KEBIJAKAN PEMERINTAH TERHADAP DISKRIMINASI MASYRAKAT DI AUSTRALIA (1851-1967)
KEBIJAKAN PEMERINTAH
TERHADAP DISKRIMINASI MASYRAKAT DI AUSTRALIA (1851-1967)
MAKALAH
UNTUK
MEMENUHI TUGAS MATAKULIAH
Sejarah
Australia
yang
dibina oleh Bapak Najib Jauhari, S.Pd., M.Hum
Disusun
Oleh :
Yuliarti
Kurnia Pramai Selli
(140731606196)

UNIVERSITAS NEGERI MALANG
FAKULTAS ILMU SOSIAL
JURUSAN SEJARAH
PRODI S1 PENDIDIKAN
SEJARAH
November 2016
KATA
PENGANTAR
Dengan
memanjatkan puji syukur kepada Tuhan Yang Maha Esa, penulis dapat menyelesaikan
tugas matakuliah Sejarah Australia dengan makalah yang berjudul “Kebijakan Pemerintah terhadap Diskriminasi
Masyarakat di Australia (1851-1967)”.
Penulis
mengucapkan terimakasih kepada para pihak yang telah membantu dalam
penyelesaian makalah ini. Kepada Bapak Najib Jauhari, S.Pd., M.Hum selaku
pembimbing yang senantiasa memberikan pengarahan kepada penulis dalam
penyelesaian tugas makalah ini. Tidak lupa kepada teman-teman yang telah
memberikan informasi dalam menyelesaikan tugas makalah ini.
Penulis menyadari bahwa makalah yang
dibuat masih belum sempurna. Oleh karena itu, kritik dan saran sangat berguna
bagi penulis untuk penyempurnaan makalah ini.

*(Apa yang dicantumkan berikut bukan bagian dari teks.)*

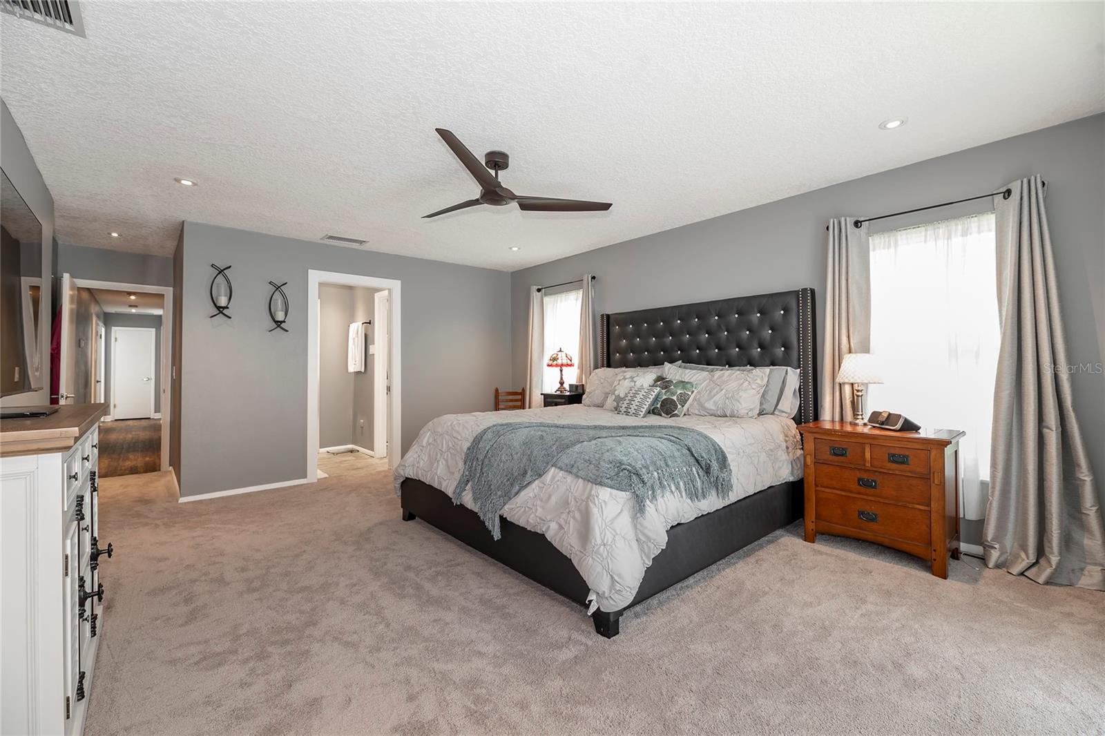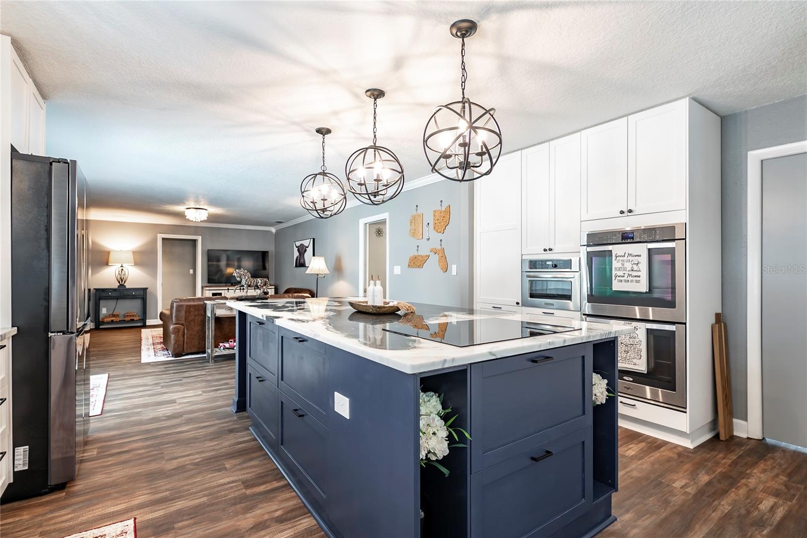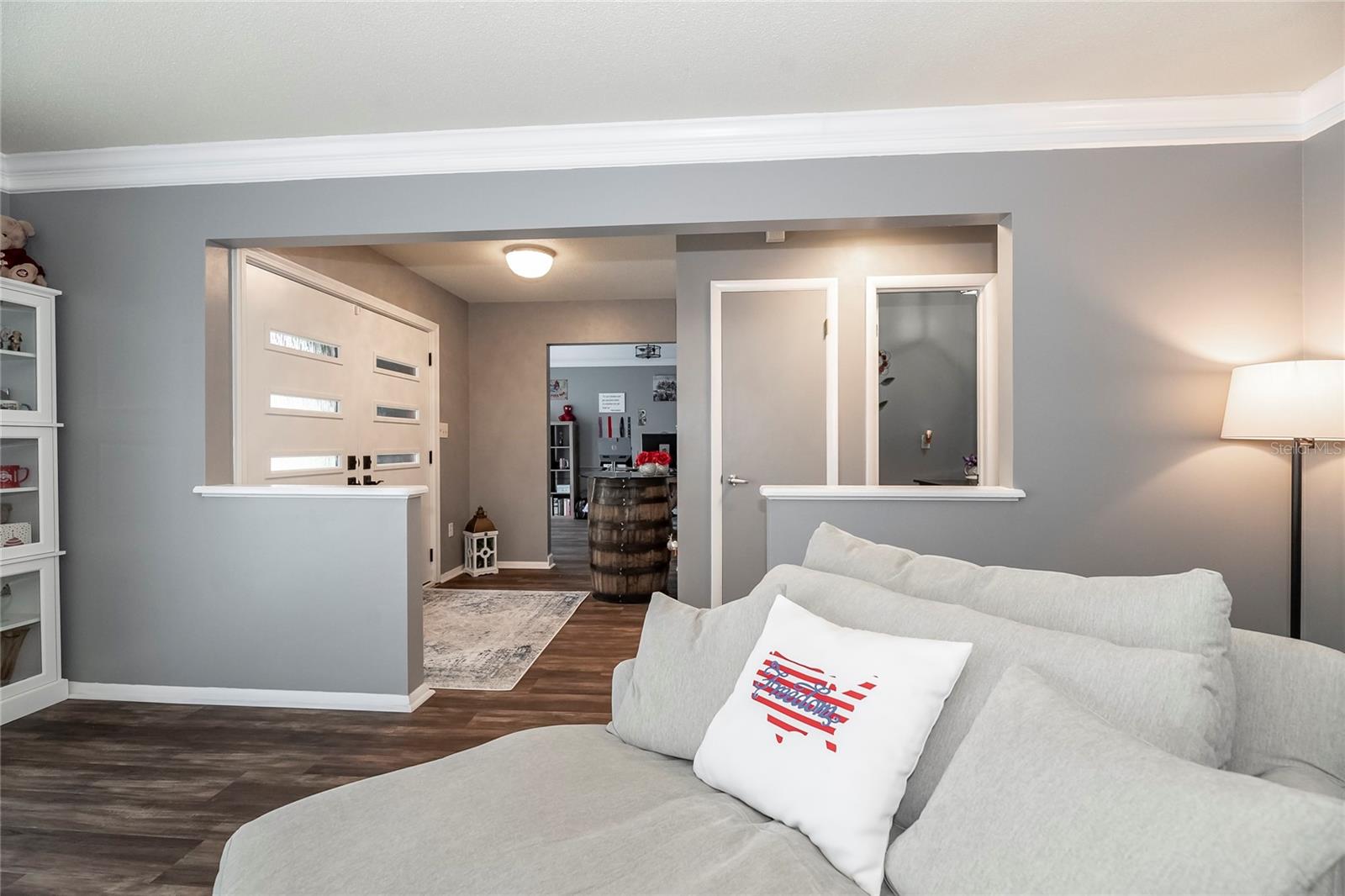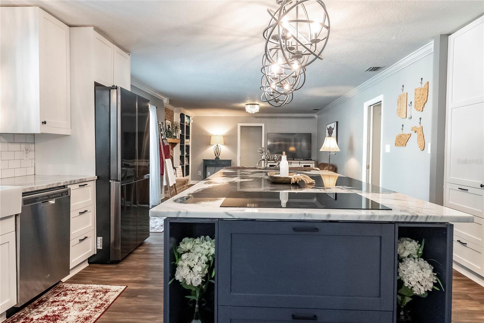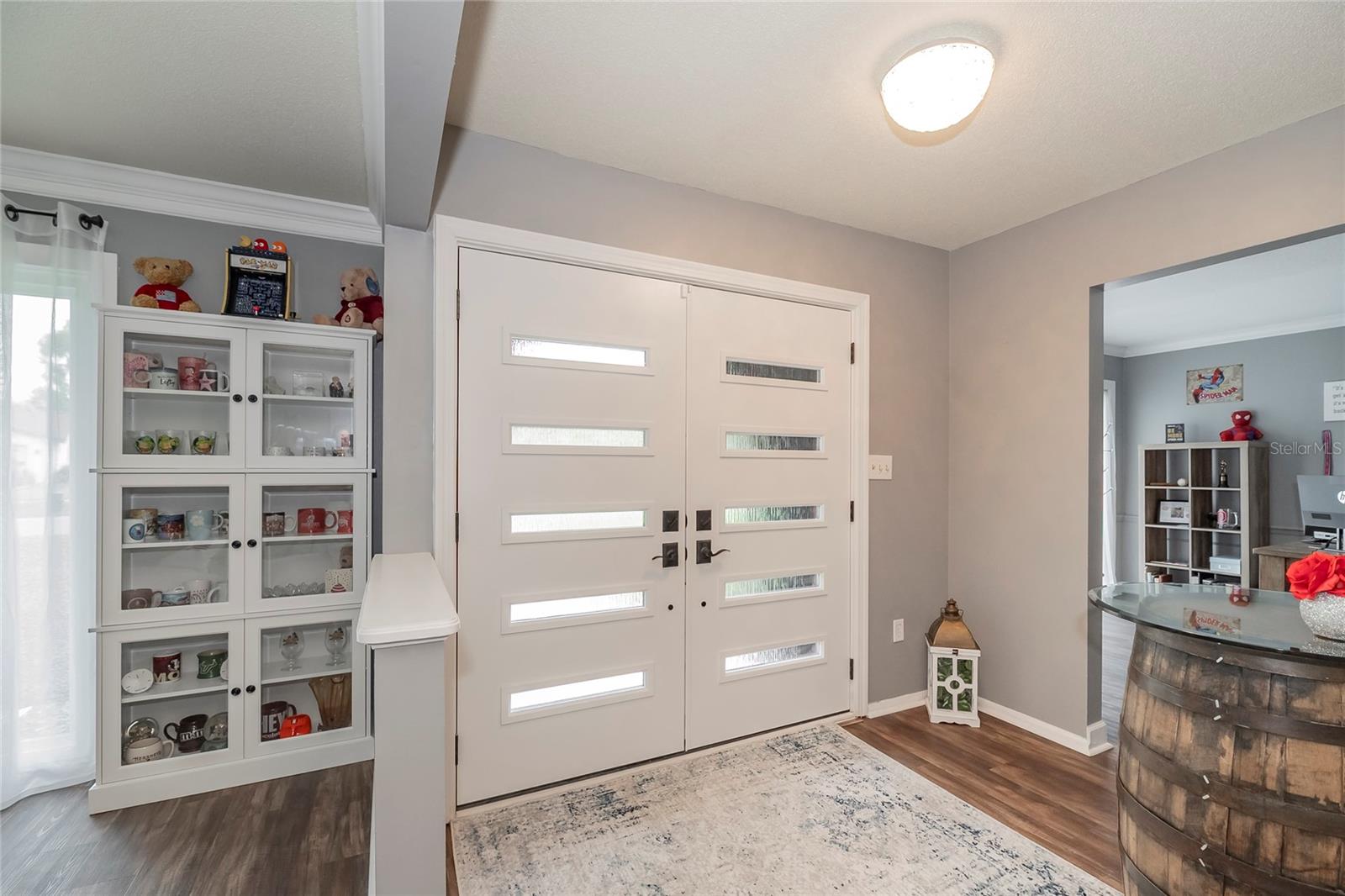 Nestled in the highly coveted Spring Lake Hills neighborhood, this stunning ranch-style pool home boasts 4 bedrooms, 2 full baths, and 1 half bath, offering the perfect blend of comfort and modern upgrades. With an open layout, this home is move-in ready and packed with amenities. Upon entering, you'll be greeted by a custom Amish-built front door and slider security lock features, ensuring safety and style. The home is adorned with all-new windows and new doors at the laundry room exterior, front, pool bath, and sliders to the pool area, perfect for lounging and taking in the immense and fenced yard. Inside, the property features new carpeting and Luxury Vinyl Plank flooring throughout, alongside fresh paint inside and out. The kitchen and bathrooms are updated with gorgeous quartz countertops, and new fixtures add a modern touch. The expansive kitchen island is a centerpiece sure to draw guests and family around to commune and enjoy! Recent upgrades include a new sleek and high-end Samsung fridge, and a new washer and dryer, making daily chores a breeze. A recently re-paved driveway enhances curb appeal, along with new front lawn sod, tree removal, and landscaping updates. The home also includes a newly installed AC and handler (with a 10-year warranty), a 2016 roof, and a newly installed Culligan water softener system. Outside, enjoy the newly resurfaced and re-tiled pool with a new salt system, pool sweep, and new pool screen for easy maintenance and relaxation. The cozy living room wood-burning fireplace has been recently inspected and updated while maintaining its original brick charm, perfect for cuddling up on cooler evenings. Hidden behind a paneled wall for added convenience and a bit of whimsy, the laundry room blends seamlessly into the home's design. The flexible layout includes a renovated 4th bedroom, which is currently used as a spacious master walk-in closet with removable shelving, easily restored to a bedroom if desired. The new electrical box and attic insulation for monthly electrical savings round out the list of recent improvements. The Spring Lake Hills community offers a private boat ramp to enjoy the lake life and beautiful outdoor amenities. This meticulously maintained and recently updated home is perfect for those seeking a blend of luxury and function in a prime location.

Semoga makalah ini bermanfaat dan
menambah pengetahuan tentang Sejarah Australia.
Malang,
November 2016
Penulis
DAFTAR
ISI
KATA PENGANTAR ....................................................................................... i
DAFTAR ISI ....................................................................................................... ii
BAB I PENDAHULUAN
A.
Latar Belakang ............................................................................................... 1
B.
Rumusan Masalah .......................................................................................... 1
C. Tujuan
Penulisan ............................................................................................ 1
BAB II PEMBAHASAN
A.
Proses pelaksanaan
kebijakan White Australia Policy di
Australia (1851-1973) 2
B. Proses
pelaksanaan kebijakan Asimilasi “Half-Castle”
di Australia (1937-1967) 3
BAB III PENUTUP
A.
Kesimpulan ................................................................................................... .
5
B.
Saran .............................................................................................................. .
5
DAFTAR RUJUKAN ...................................................................................... .
5
BAB
I
PENDAHULUAN
A.
Latar
Belakang
Australia adalah
salah satu benua yang penduduknya berasal dari dua kebudayaan, yaitu kebudayaan
asli dari suku Aborigin dan kebudayaan Eropa. Tetapi dalam perjalanannya, suku
Aborigin oleh pemerintah sendiri dijadikan nomor kedua setelah orang-orang
Eropa dalam berbagai aspek, salah satunya adanya asimilasi anak suku Aborigin
dan hal tersebut merupakan diskriminasi sosial di dalam negeri tersebut.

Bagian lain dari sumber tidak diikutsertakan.